## Source material
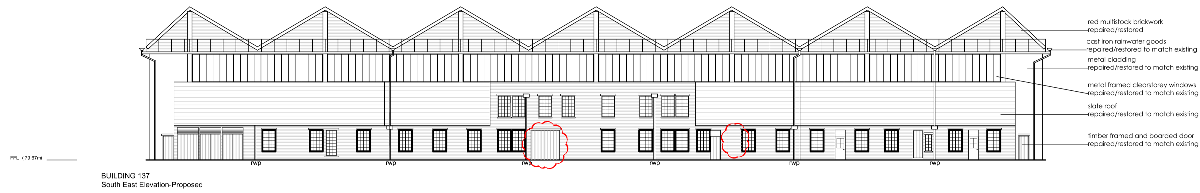
BUILDING 137 South East Elevation-Proposed
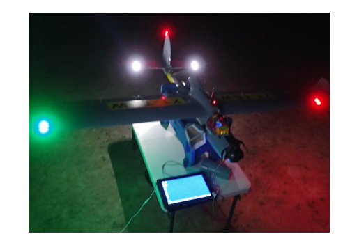
Figure 1: A conservation drone currently used for real-world deployment.

In important domains like conservation and public safety, the real-time information provided by these sensors (e.g., drones) is becoming increasingly important. To help plan for strategic deployments of sensors and human patrollers, as well as warning signals

## About this exercise
Repeat the listing in full and to the letter, excluding every image.

## Exercise answer
BUILDING 137 South East Elevation-Proposed
Figure 1: A conservation drone currently used for real-world deployment.

In important domains like conservation and public safety, the real-time information provided by these sensors (e.g., drones) is becoming increasingly important. To help plan for strategic deployments of sensors and human patrollers, as well as warning signals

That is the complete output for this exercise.